En Moscas, dice su autor —Agustín Pery— en este texto escrito para Zenda, “no hay ajuste de cuentas. Solo esa sensación tan repugnante como familiar de que el corrupto lo es por acción o por omisión, y que en ambos casos el efecto dominó de sus actos acaba afectando a todos”.
Igual el paciente editor de Moscas espera ansioso su vuelo. Lo entiendo, pero a mí se me posaron en el teclado con afán terapéutico, nada más. Decides parar, dejar por un tiempo el oficio y aprender a manejarte en tempo lento y acabas acojonado, a la espera de un diagnóstico con tintes necrológicos. Y la puñetera rehabilitación.
Debió de ser la rabia, la congoja y la recién descubierta fragilidad, pero mis llantos los cortó en seco una petición con poso de orden: «Escribe, ahora lo que tienes es tiempo. Escribe». Puro navarrismo doméstico. No hay tiempo para chorradas.
Así nació Moscas. De la rabia y del deseo. Lo primero porque convivir con la corrupción, chapotear en su tremedal, te vuelve un tipo desconfiado, que ve solo el lado oscuro del ser humano.
A golpes, así quise fajarme con Moscas. O me tumbaba la enfermedad o la reventaba yo.

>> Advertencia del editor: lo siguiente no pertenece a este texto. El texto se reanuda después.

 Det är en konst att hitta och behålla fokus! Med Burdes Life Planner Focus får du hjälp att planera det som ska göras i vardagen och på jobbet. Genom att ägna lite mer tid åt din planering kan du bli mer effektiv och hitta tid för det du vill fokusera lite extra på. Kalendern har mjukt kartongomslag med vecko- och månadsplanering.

Nada sé si hay de eso en los aleteos de la novela. Mucho, creo, de esa saña, de la metástasis que recorre la sociedad hasta hacer de la corrupción una epidemia que lo corroe todo. Así, no hay bondad en Moscas, apenas aparece tímida y colateral en algunos de los personajes. No quería dar esperanza ni buscar un final reconciliador. Sólo debía teclear compulsivamente el tiempo que entonces creía que me quedaba y el que los temblores, la pérdida de visión y la flojera me dejaran. Ni hubo heroísmo, ni tan siquiera tenacidad. A ratos no pasaba del folio. Quince cigarrillos después, borraba lo escrito. Caótico, como si estuviera en una redacción ahora imaginaria, deambulaba alrededor de la novela esperando a que llegara Teresa. Mi deseo: decirle que lo había logrado, que no me pudo ni el miedo ni la pereza. Que como ella, ahora sí me creía capaz de escribir «algo».

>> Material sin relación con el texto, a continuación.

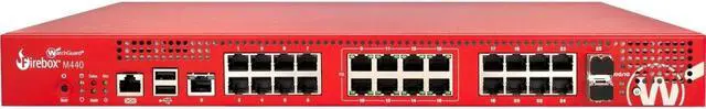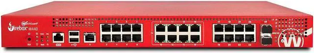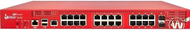 The Firebox M440 incorporates the same strong security, high performance and flexible management tools that distinguish our other UTM and NGFW solutions, but this model delivers especially robust port density with twenty-five 1Gb Ethernet ports and two 10 Gb SFP+ (fiber) ports. Eight of the ports provide Power over Ethernet (PoE), which is ideal for WatchGuard Access Points.

Es verdad que para dar forma a Moscas me apoyé a modo de muleta en dos relatos breves que tenía guardados en el ordenador. Años antes formaron parte del colectivo 12 plumas negras. Ellos los publicaron y yo me arrepentí al momento. Fue precipitado, casi como una obligación contraída con aquellos amigos. Nada de lo que sentirse especialmente orgulloso. Pero al menos esa treintena de folios cuya relectura me martirizó me sirvieron de armazón para lo que hoy es Moscas, un relato duro, sin concesiones, sin héroes pero que no es la obra de un periodista fajado en los casos de corrupción durante siete años sino sobre algo que me preocupa mucho más: el sobrecoste moral y social de la corrupción, su reguero de podredumbre que lo emponzoña todo.

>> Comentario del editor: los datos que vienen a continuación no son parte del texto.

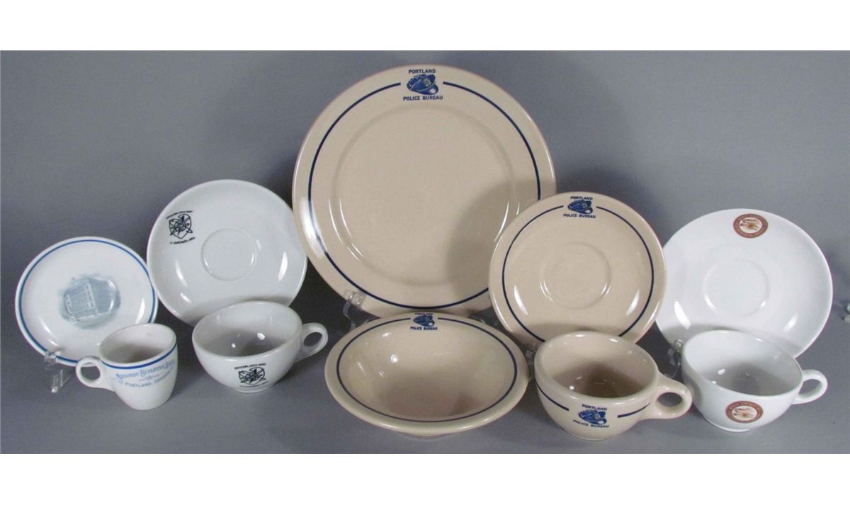 Occupational and Fraternal Restaurant Ware. Portland Police Bureau, Officer's Open Mess, School District, Masonic Bldg. Assn.. 10 Pieces. No chips or cracks, excellent condition. Large plate measures 9 1/2 inch diameter.

Ese es el rizoma de la novela. NO hay un caso real con el que elucubrar, ni personajes reales a los que señalar. No hay ajuste de cuentas. Solo esa sensación tan repugnante como familiar de que el corrupto lo es por acción o por omisión y que en ambos casos, el efecto dominó de sus actos acaba afectando a todos.
Los personajes son malvados y como las moscas recorren el cuerpo de los hombres para posarse solo en sus llagas. Con esta frase de Jean de la Bruyère intento hilar un retablo bruegheliano que, desde aquí mis disculpas al lector si lo he logrado, debería dejar desfondado a quien lo leyera. Porque de mis años remando en Baleares, levantando tremenda acta de la vileza revestida de cínica normalidad, de la aprehensión que me provocaba, y sigue haciéndolo, esa constante justificación de lo nostro.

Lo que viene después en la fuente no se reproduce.